By Derick Tsimba
Zimbabwe has the potential of becoming a Southern Africa power hub, exporting electricity within the region following the signing of the 2000 Mega Watts (MW) solar power deal with United Arab Emirates (UAE).
Southern Africa comprises of developing nations which require continuous supply of power to maximize production of goods and services.
Shortages of power continue to be detrimental on productivity to a greater extent in Southern Africa as in the case of South Africa, in Johannesburg were power cuts by Eskom during this month of December 2019 have left industries and homes in the dark for long hours.
Eskom made it known to the public that load shedding would remain high for some time owing to its incapacitation to produce the required amount of electricity owing to its systems vulnerability and unreliability which led it to put in place a stage two load shedding schedule.
According to Eskom spokesperson Dikatso Mothae, the South African cash-strapped power generator indicated loss of units resulting in an increase of diesel and water usage to generate electricity, leading to the inability to conserve both resources to minimise power cuts.
In East Africa, Ethiopia has equally been facing electricity shortages owing to similar challenges of increased demand of electricity. To date, the country experiences energy shortages and load shedding as it continues to struggle to provide electricity for it’s close to 105 million citizens. The country has abundant renewable energy resources with potential of generating electricity from hydroelectric, wind, solar and geothermal sources which has led its government Under GTP II (2015-2020), to increase the installed generation capacity by an additional 5,000 MW by 2022.
Similarly Zimbabwe has been experiencing power shortages as a result of increased demand for power and mechanical faults.
The countries industrial sector is being negatively affected by power cuts and most industries have resorted to scaling down or shutting down their operations completely, moving production elsewhere within the region.
Zimbabwe’s agriculture sector has been equally affected by power cuts which have resulted in reduction of the production of the wheat winter crop as we have experienced this year.

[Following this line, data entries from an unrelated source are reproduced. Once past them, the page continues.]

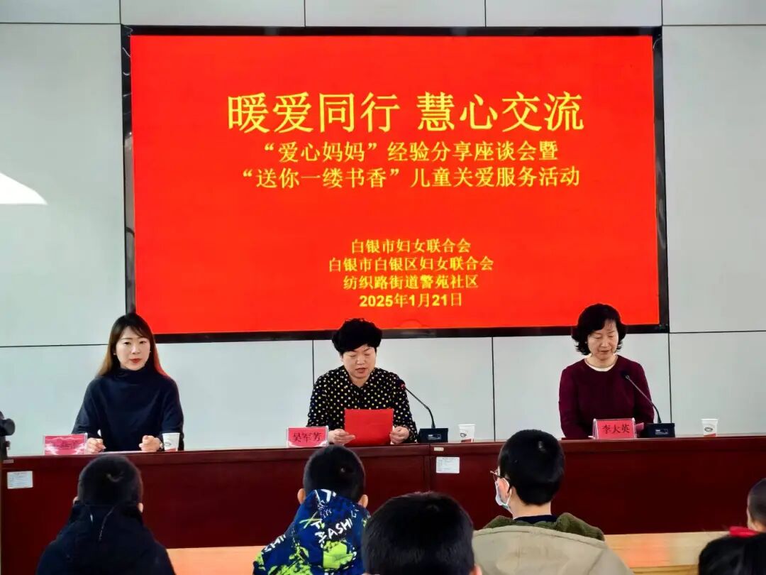 为深入贯彻学习习近平总书记关于妇女儿童和妇联工作的重要论述精神,坚守为党育人、为国育才的初心使命,构建横向联动、纵向贯通、协调高效的留守儿童和困境儿童关爱服务体系,用心用情守护儿童健康成长,全力推动全市“爱心妈妈”结对关爱工作取得实效,1月21日, 白银市妇联联合白银区妇联、纺织路街道警苑社区开展暖爱同行慧心交流“爱心妈妈”经验分享座谈会暨“送你一缕书香”儿童关爱服务活动,市区妇联有关领导、爱心妈妈、结对儿童以及志愿者共计80余人参加了活动。
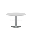 Столешница из ЛДСП толщиной 22 мм с кромкой ПВХ толщиной 2 мм. Опора металлическая с круглым основанием, диаметр трубы 108 мм , диаметр основания 600 мм. Опора не регулируемая.
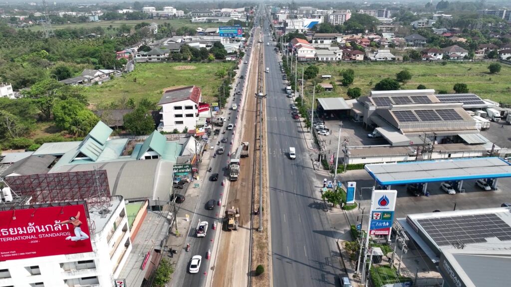 “เพื่อให้โครงการนี้ทำงานได้เร็วขึ้น เพราะมีความเป็นห่วงเรื่องระยะเวลาก่อสร้าง จึงมีการปรับแบบ ก็เพื่อให้ดำเนินการได้ไวขึ้น จึงปรับแบบมีการใช้การเทลีนคอนกรีตแทนการปรับปรุงพื้นผิวทางเดิมเนื่องจากต้องใช้เวลาในการรื้อและบดอัด ชั้นพื้นก็จะมีการการเทลีนคอนกรีตหนา 8 เซนติเมตร เสร็จแล้วพอรีนคอนกรีตเซ็ตตัว ก็จะทำผิวคอนกรีตไปเลย เพื่อลดระยะเวลาแล้วก็เพิ่มความแข็งแรง ซึ่งคอนกรีตผิวทางตลอดทั้งเส้นนี้ หนา 25 เซนติเมตร” นายสิทธาฤทธิ์ฯ กล่าว
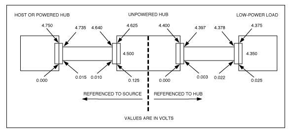 當(dāng)USB端口帶有一個(gè)總線供電的USB集線器,集線器上接了低功耗設(shè)備時(shí),USB口上允許的直流電壓跌落如圖1所示。大功率負(fù)載與總線供電的集線器連接時(shí),電壓跌落將超過圖1給出的指標(biāo),并會(huì)引起總線過載。

Currently, load-shedding can go up to 15 hours per day owing to low water levels at Kariba Dam and un-refurbished thermal power stations.
At most in Zimbabwe power generation should be expected to improve when the expansion of the Hwange Thermal Power Station units 7 and 8 becomes complete.
Hwange units 7 and 8 extensions will be generating power 24 hours a day amounting to a additional 600 MW to be fed into the national grid after the refurbishing works completion by China which is undertaking the project amounting to US$1, 5 billion.
An additional 2000 MW to be drawn from the solar field under the deal with UAE upon completion in the next 18 months will ensure the country gets back on its feet securely in terms of a stable supply of electricity for productive mining activities, industries and the agriculture sector.
President Emmerson Mnangagwa remains determined that government will attain Vision 2030 of an upper middle income economy, if Zimbabweans work towards its attainment.